On the side of the Oligarchy, and among the beneficiaries of the system[10] the music is rather different. They are very few to say that they are in favor of neoliberalism and financial or speculative capitalism. They refer only to the liberal paradigm. This confirms the illusion of their soft opponents. Thus, with the use of magic words, there are no longer two clearly opposed camps.

More, or worse, the dominant discourse has managed to convince the masses that we live in a market economy. A system that would have been in operation at all times for the good of all. A system that Standard economic science claims – wrongly – to have demonstrated efficient, offering the optimal situation for societies and the best welfare for people. This denomination has created a kind of myth erected as a deity, the market statured as a golden calf, the “divine market,”[11] to be adored.[12]

The reference to the market economy has become the unsurpassable and optimal characteristic for the organization of any society. European Union is based on this belief as Gaël Giraud stated recently:[13] “We live together because we produce and consume in the same market” – this has become[14] the watchword on which the construction of the euro zone and most of the European treaties are based. To be sure, almost everywhere in the world, socialists and communists have embraced the market economy. In France, however, Prime Minister Jospin insisted on introducing an illusory nuance by indicating that he would say “yes to the market economy, no to the market society.”[15]

The use of these words is a magical attempt to hide the responsibility of the liberal paradigm, the responsibility of capitalism.
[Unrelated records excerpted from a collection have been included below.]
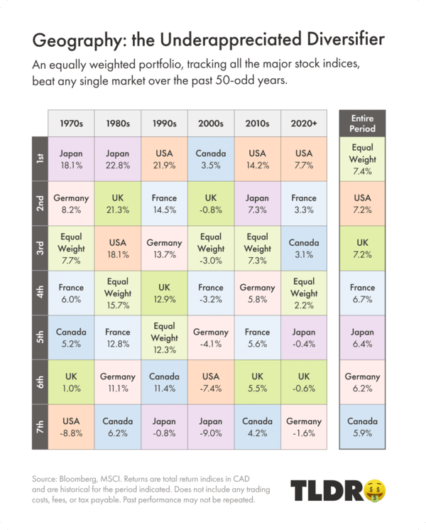 [2] Buy different assets, in different places. A big way to both mitigate risk and avoid missing out on good returns is to bet on assets that are geographically diversified. For instance, as the table below shows, U.S., Japanese, and Canadian stocks each dominated different decades over the past 50-odd years, but a portfolio tracking all the world’s major stock markets (“Equal Weight”) performed better than any one market — a big feather in diversification’s cap.
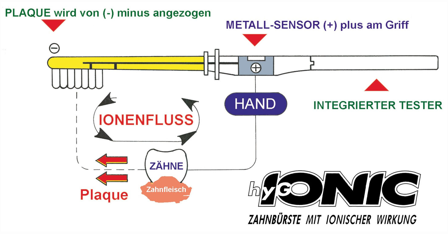 Beim Putzen mit der hyG Zahnbürste verändert ein ständiger Fluss von positiven Ionen (+) von einer Lithiumquelle die Ladung Ihrer Zähne. Dadurch werden Ihre Zähne auch in jenen Bereichen, die mit der Bürste nicht erreicht werden können, von Zahnbelag freigehalten.
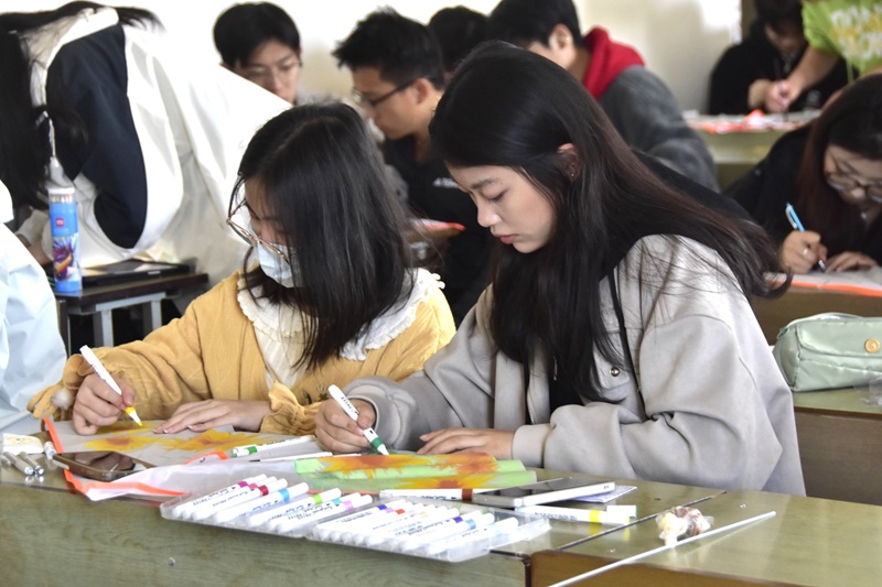 在DIY风筝环节,同学们围绕“惊蛰萌动”、“春分燕归”、“清明烟雨”等主题展开风筝绘画创作。在40分钟限时创作中,各团队彼此交流心得、分享技巧,大家充分发挥自己的想象力和创造力,将传统元素与现代设计相结合,有的设计出了形态各异的动物风筝,有的则制作出了色彩斑斓的鲜花图风筝,充分展现出美好的春日元素。

This is a fraud. Let read its exposure by John Kenneth Galbraith: “capitalism” is no longer “the accepted designation of the economic system […and] the identification of those who exercised economic and therewith political authority […/] the renaming of the system [started after] the Great Depression.

Capitalism all too obviously did not work. So denoted it was inacceptable. There followed a search for a benign alternative name. “Free Enterprise” had a trial in the United States […] in Europe there was “Social Democracy” […finally] came “the market system” [; ….] with the controlling power of the consumer […] sovereignty [, …] the market […] was the final authority to which the producing firm, the capitalist, was amply subordinate […] No individual firm, no individual capitalist, is now thought to have power. There is nothing here from Marx or Engels. There is only the impersonal market [ideologically and politically neutral], a not wholly innocent fraud. [Because, here, as in other cases, there is total] divergence between approved belief […] and reality.”[16]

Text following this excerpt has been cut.